After sketching a few ideas on paper, I started to wireframe the user flows in Figma. Again I took inspiration from Google and Dropbox user interface to keep the app familiar to my users. Below are the wireframes for moving an item from one folder to another.

Move Item Screen 1
Move Item Screen 1
Move Item Screen 2
Move Item Screen 2
Move Item Screen 3
Move Item Screen 3
Move Item Screen 4
Move Item Screen 4
View User Wireframes

Visual Design


The product is suited for anyone who wants to collaborate on a project together. It should appeal to both business and student users. I am rejecting the corporate looking blue color scheme of Dropbox. I.would like the colors to hint at a fresh, playful space to get the creative juices flowing when working on projects With these emotions in mind I created a moodboard from which I pulled the primary color to be fuschia. It should only be sprinkled in light splashes. Too much fuschia can easily be overpowering and overly feminine. Next I created a styleguide to further solidify the design patterns. I chose accent colors of grey, light blue and dark blue to balance out fuschia. Headlines and body text are rendered in Roboto . It is simple, utilitarian and looks great on buttons.

View Styleguide

As the cloud storage application focuses on project management, I would like to focus the branding around the word "collaboration". From a mindmapping exercise, I found that the phrase to "lend a hand" had connections with collaboration. From the "hands" association I made a logo of shaking hands inside the heart, the heart representing sharing and harmony.

Logo Sketches
Logo Sketches

Hi-fi Mockups

At long last I was ready to design the Hi Fi Mockups. Here are mockups of the "Tracking History of a File" process.

Track History Hi-fi Mockup 1
Track History Screen 1
Track History Hi-fi Mockup 2
Track History Screen 2
Track History Hi-fi Mockup 3
Track History Screen 3
Track History Hi-fi Mockup 4
Track History Screen 4
View Hi-fi Mockups

Preference Testing

I took the time to perform AB testing on few separate design issues. I found that users preferred a cut out oval picture of a group of people collaborating in front of the computer. Users preferred a smaller type size for the project toolbar on top of every page, as it is more "elegant." They preferred a calendar with the task listings in the Task Manager versus without. Here are the 3 contenders from the hero image preference test:

Signup Horizontal Slant
Signup Horizontal Slant - 27% preferred
Signup Cut-out Oval
Signup Cut-out Oval - 40% preferred
Signup Slant Laptop
Signup Slant Laptop - 33$ preferred

Usability Testing

Users received the visual aspects of the final design well.
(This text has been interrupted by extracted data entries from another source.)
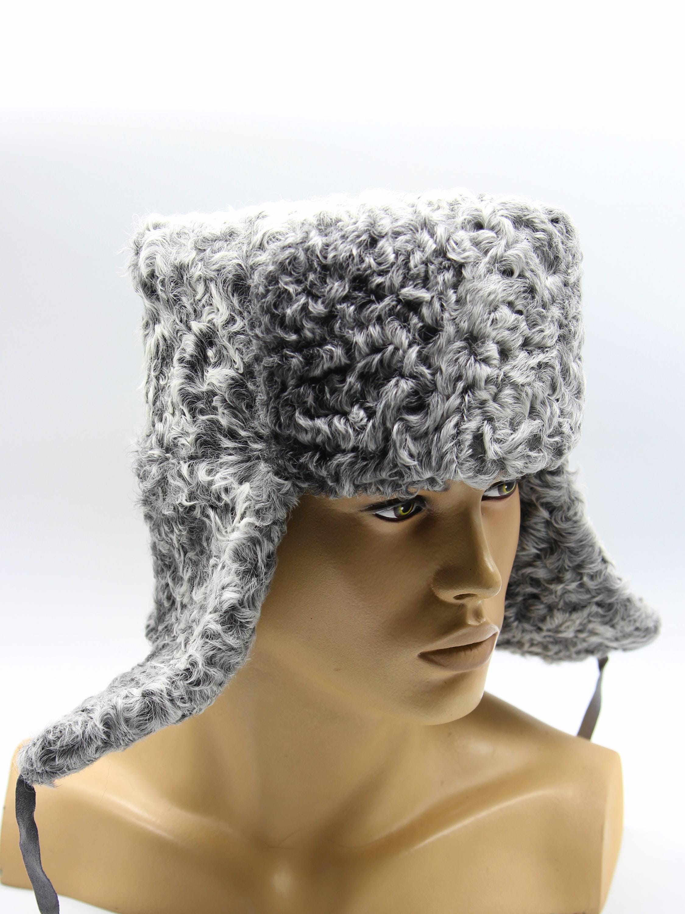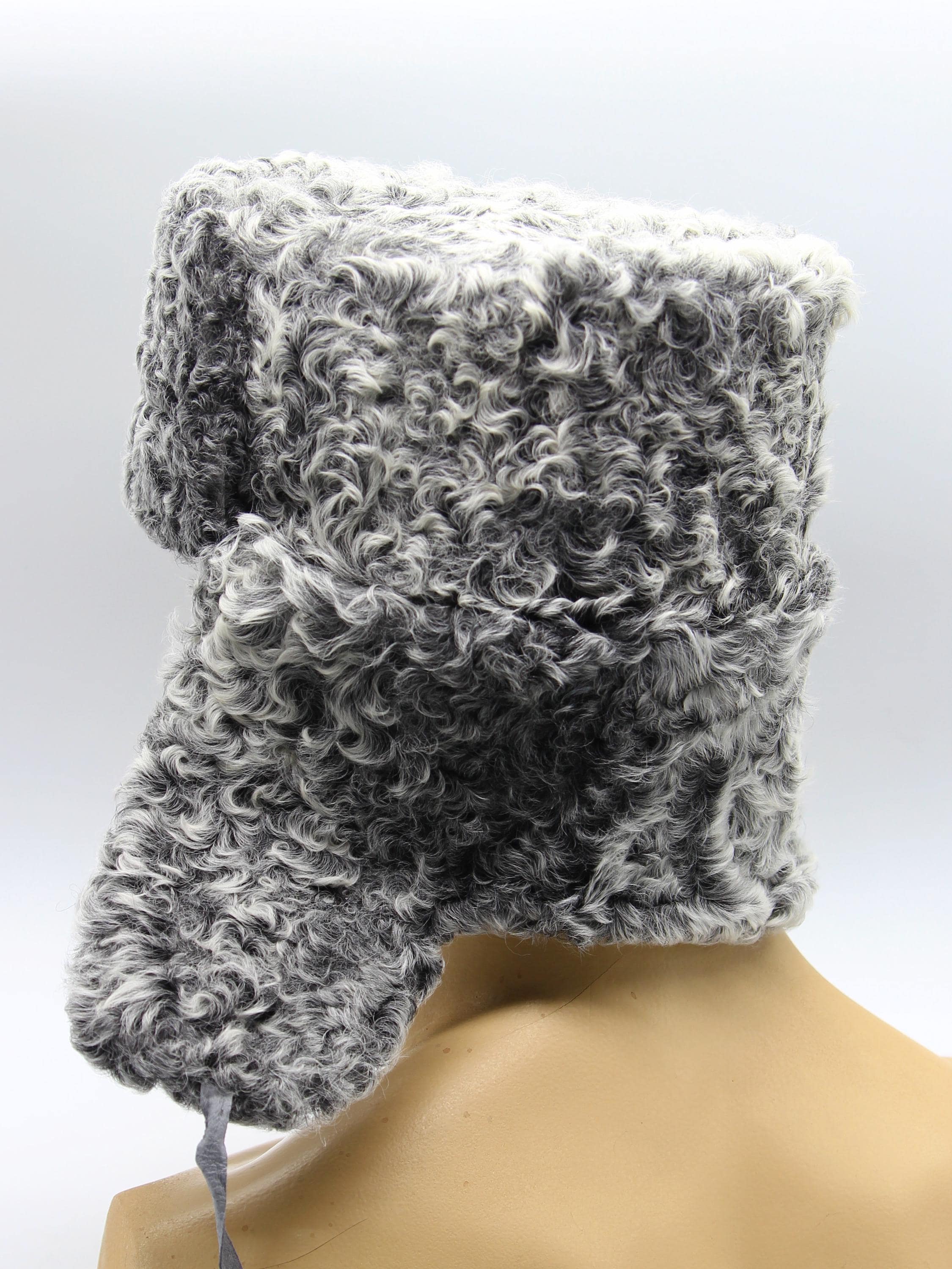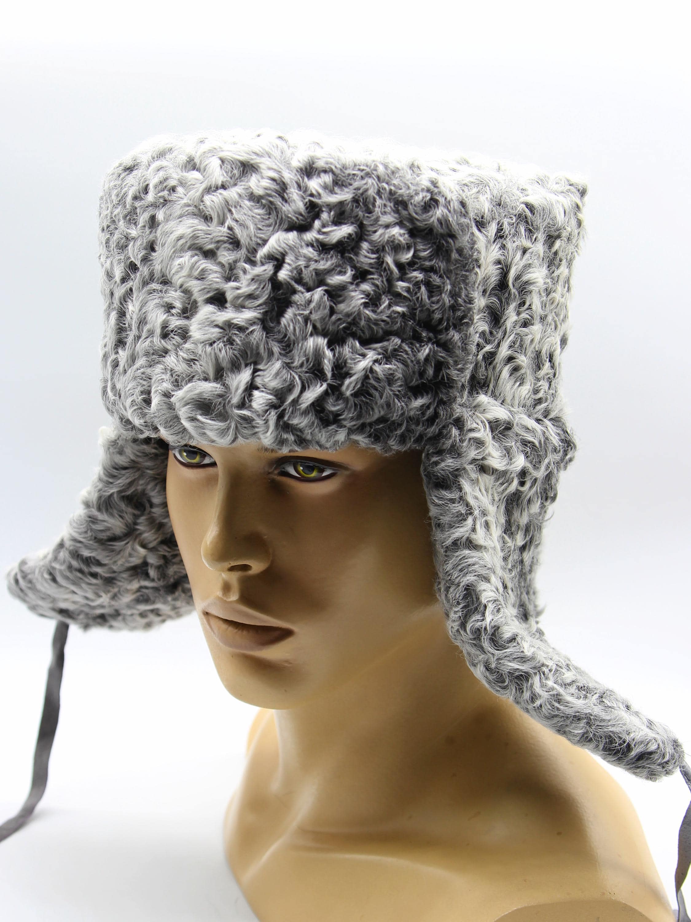 Natural Grey Astrakhan Fur Hat - Men's Karakul Winter Ushanka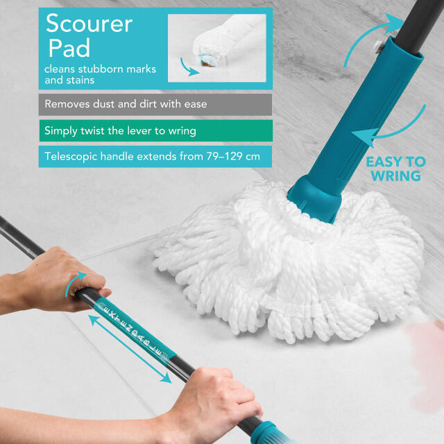 Pateicoties vienkāršam izgriešanas mehānismam, pagriežamā slota ir lieliski piemērota cieto grīdu mazgāšanai un žāvēšanai, lai iegūtu izcilus rezultātus bez švīkām.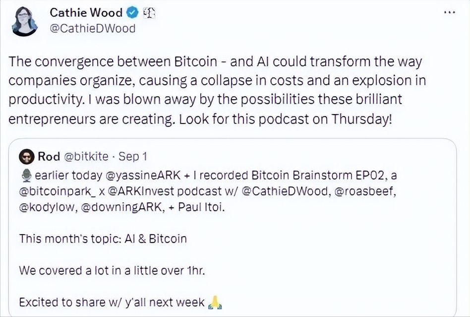 伍德周日在推特写道:“比特币与人工智能(AI)的融合,可能会改变公司的组织形式,进而导致成本大幅下降,并推动生产力爆炸性成长,杰出企业家们所创造的可能性令我感到震惊。”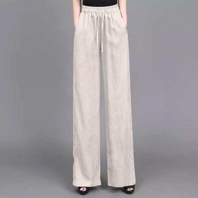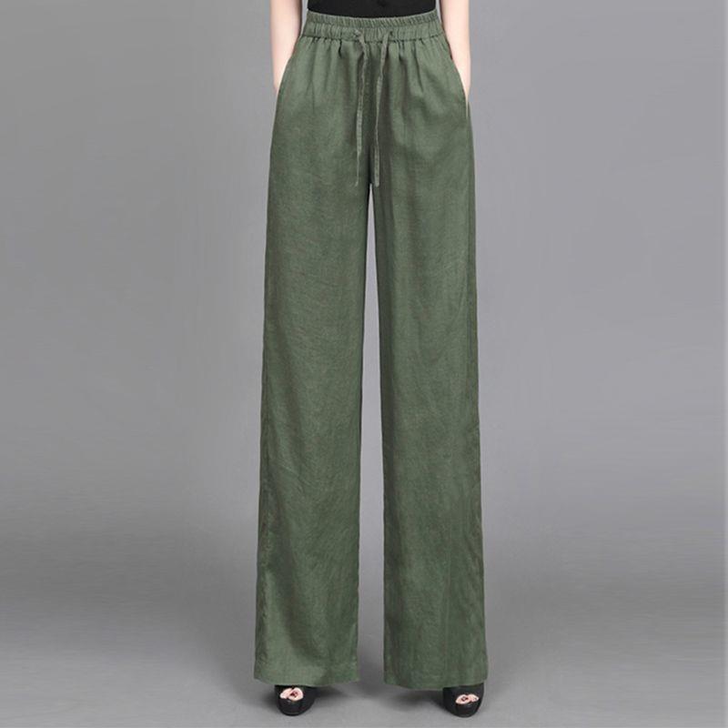 松紧腰垂感棉麻阔腿裤女春夏高腰大码阔腿裤宽松显瘦直筒休闲长裤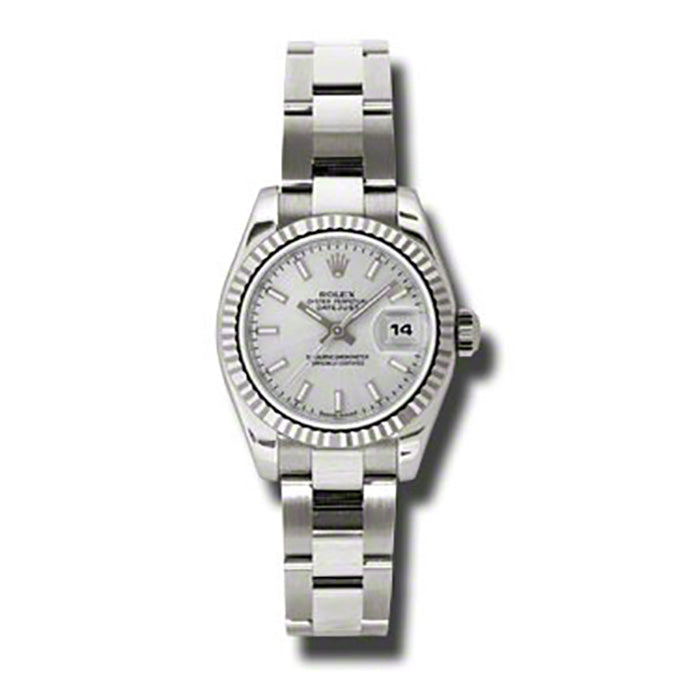 Rolex 179179SSO Oyster Perpetual Lady-Datejust Watch. 26mm 18kt white gold case, fluted bezel, silver dial, index hour markers, and Oyster bracelet.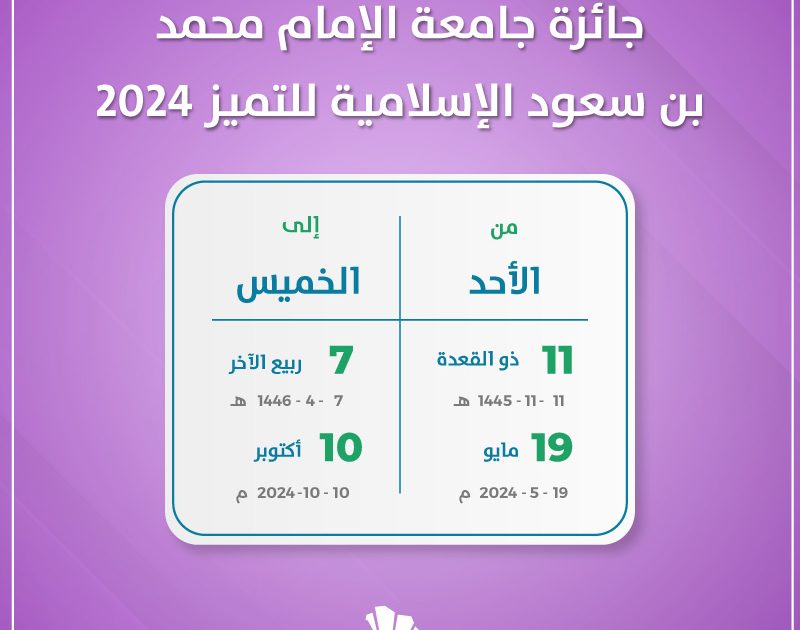 في أجواء تعليمية تنافسية تنطلق جائزة جامعة الإمام محمد بن سعود الإسلامية للتميز 2024. وذلك من أجل تعزيز التنافس في قطاعات التعليم والبحث العلمي.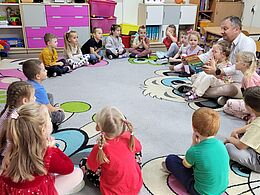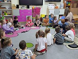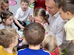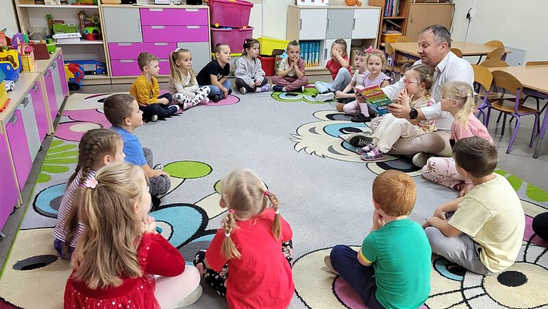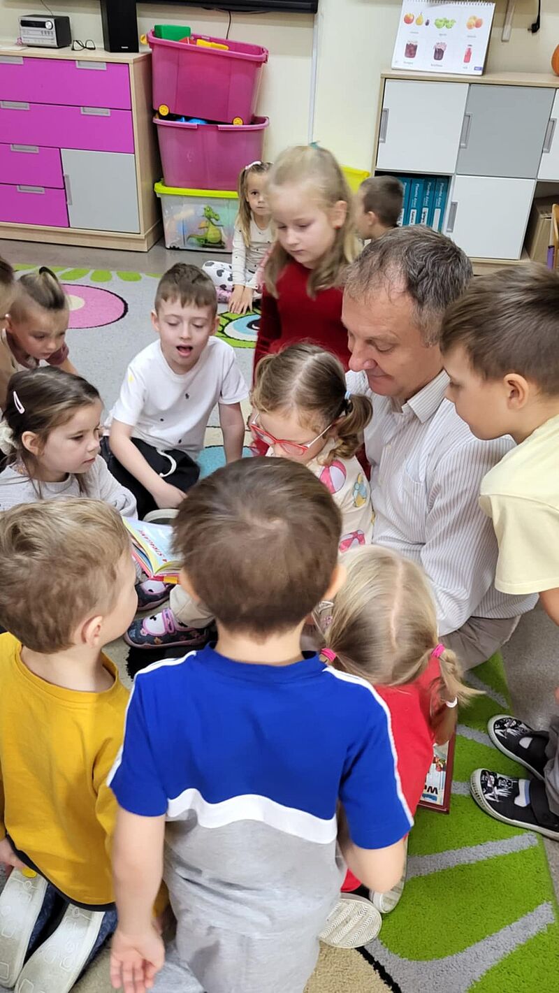 W październiku dzieci z grupy „Misie” odwiedzili mama Kuby - pani Ania oraz tata Gabrysi – pan Artur. Podczas pierwszego spotkania przedszkolaki usłyszały wiersz „Wycieczka po Wszechświecie”, z kolei na drugim poznały historię wrocławskich krasnali. Dzieci z wielkim zainteresowaniem słuchały czytanych przez rodziców treści i oglądały kolorowe ilustracje. Po wysłuchaniu utworów przedszkolaki wzięły udział we wspólnych zabawach ruchowych oraz wykonały ciekawe prace plastyczne.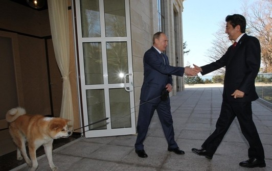 2012年7月訪俄時(shí)送給普京的禮物是一只秋田犬,名字意思是“夢”,送的時(shí)候3個(gè)月大,現(xiàn)在已快兩歲。普京在迎接安倍時(shí)專門帶上它同安倍重會。俄羅斯媒體報(bào)道,見到Y(jié)ume后,安倍用俄語說了一句“好狗”,普京回答說:“但它有時(shí)候也咬人。” 網(wǎng)友周龍然說 用狗迎接安倍真的恰當(dāng)不過【普京牽著寵物狗會見安倍】 謝鑫少年本格推理 牽著狗……好吧,老普你贏了……【普京牽著寵物狗會見安倍】

The suggestions for further refinements included the following. - There was a form field that was "unclear to the user what info should be entered." When uploading files to a new project, with the drag and drop uploader there should also be a link to "browse for files". For the restore a document function, there should be a timestamp for each restore point would be make it much more useful. There should be more attempts to use modern frameworks such as Material Design In the prototype. I implemented the technical issues above. I also got rid of the folder styled tabs, and replaced with streamlined Material Design tabs. I also updated the right click menus by adding a drop shadow and deleting divider lines to also conform with Material Design. Below are images of the before and after Material Design change.

Material Design Before Hi-fi Mockup
Material Design Before
Material Design After Hi-fi Mockup
Material Design After

What I learnt

I think that it was wise to pair fuschia ( to add a "burst of energy" to the app) with expanses of low chroma colors such as grey and light blue in the background. Negative feedback about the overall design was that it was "a bit old fashioned" and only had a "splash of pink". to separate it from the wireframes. Immediately, I added more complementary colors and took to Material Design to update the look of some components. My doubts going into the project were that the market is already saturated with cloud storage applications and it would be very hard to carve a niche. It genuinely surprised me that so many users were looking for a collaboration tools in cloud storage.